**ABOUT THIS EXERCISE:** Consider the listing below. Extract exactly the lines from the line containing "- Per device" to the line containing "この大好きな日本と故郷である", both included.

**INFORMATION:**
══════════════════════════════

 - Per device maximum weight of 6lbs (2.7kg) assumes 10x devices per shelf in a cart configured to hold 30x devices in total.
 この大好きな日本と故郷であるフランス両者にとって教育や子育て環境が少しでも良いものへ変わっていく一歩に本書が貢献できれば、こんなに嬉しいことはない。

══════════════════════════════

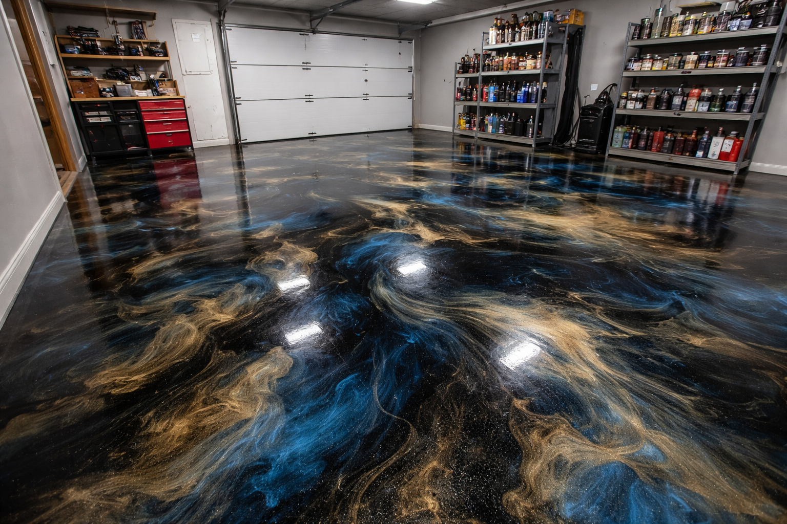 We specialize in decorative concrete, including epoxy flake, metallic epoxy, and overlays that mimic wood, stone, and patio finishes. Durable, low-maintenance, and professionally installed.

══════════════════════════════

**TASK RESPONSE:**
 - Per device maximum weight of 6lbs (2.7kg) assumes 10x devices per shelf in a cart configured to hold 30x devices in total.
 この大好きな日本と故郷であるフランス両者にとって教育や子育て環境が少しでも良いものへ変わっていく一歩に本書が貢献できれば、こんなに嬉しいことはない。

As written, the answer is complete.